Kesempatan pertama mengemukakan pendapat diberikan kepada Hakim Anggota II


atau Hakim yang paling yunior. Berikutnya kesempatan mengemukakan pendapat
diberikan kepada Hakim Anggota (Hakim yang agak senior). Terakhir Ketua Majelis
akan menyampaikan pendapat hukumnya. Apabila terjadi perbedaan pendapat hukum
antara majelis yang bermusyawarah, maka perbedaan itu diselesaikan dengan voting,
atau hitung suara terbanyak. Cara ini sangat logis, dan oleh karena itu maka jumlah
hakim dalam satu majelis harus ganjil, agar bisa diselesaikan. Pendapat hakim yang
kalah suara, meskipun dia sebagai Ketua Majelis, harus menyesuaikan dengan
pendapat mayoritas.
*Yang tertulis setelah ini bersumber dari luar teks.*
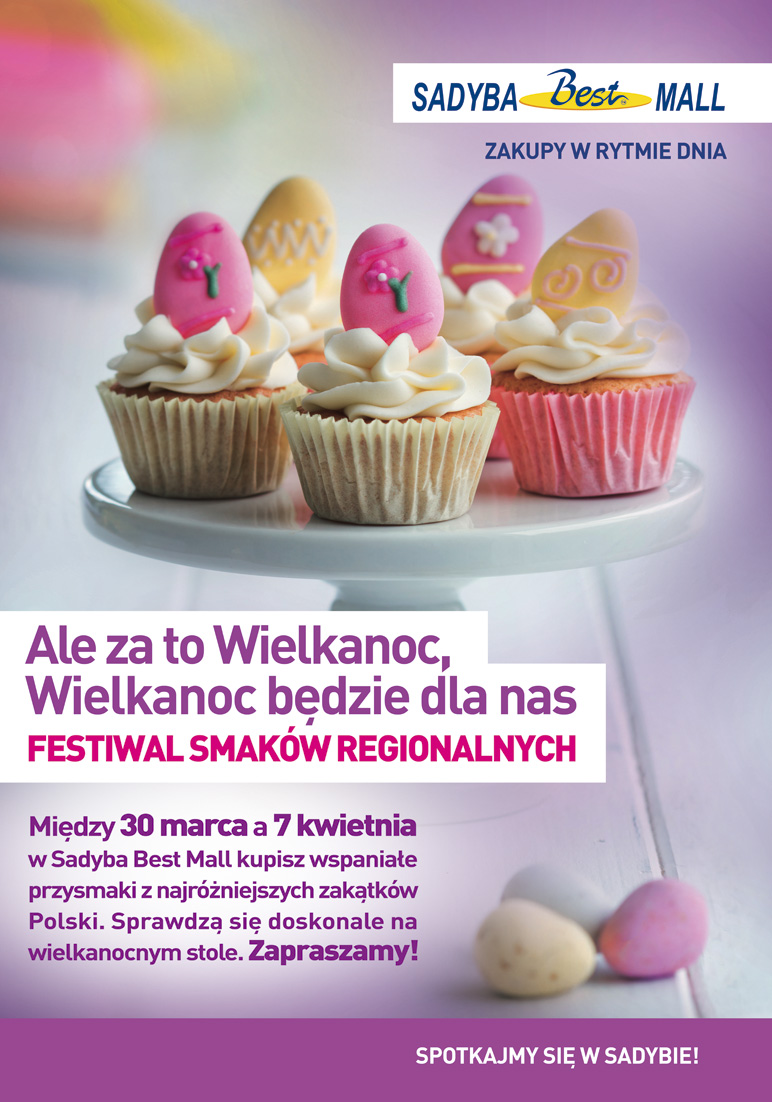 Wszystkich smakoszy tradycyjnej żywności serdecznie zapraszamy do Sadyba Best Mall przy ul. Powsińskiej 31 w dniach 30 marca – 7 kwietnia na Festiwal Smaków Regionalnych.

Mengacu pada asas Primus Interpares, jika terjadi perbedaan
pendapat di antara anggota Majelis Hakim, maka pendapat yang terbanyaklah yang
diikuti
dalam keadaan tertentu, putusan dapat disepakati berdasarkan pendapat Ketua
Majelis, sepanjang pendapatnya argumentatif. Hal ini dapat diasumsikan, bahwa bila
terjadi pendapat yang sifatnya “pelangi’ di antara Majelis Hakim maka tidak ada
pendapat yang terbanyak sehingga dalam kondisi seperti ini menyepakati pendapat
Ketua Mejelis adalah langkah yang paling “aman”.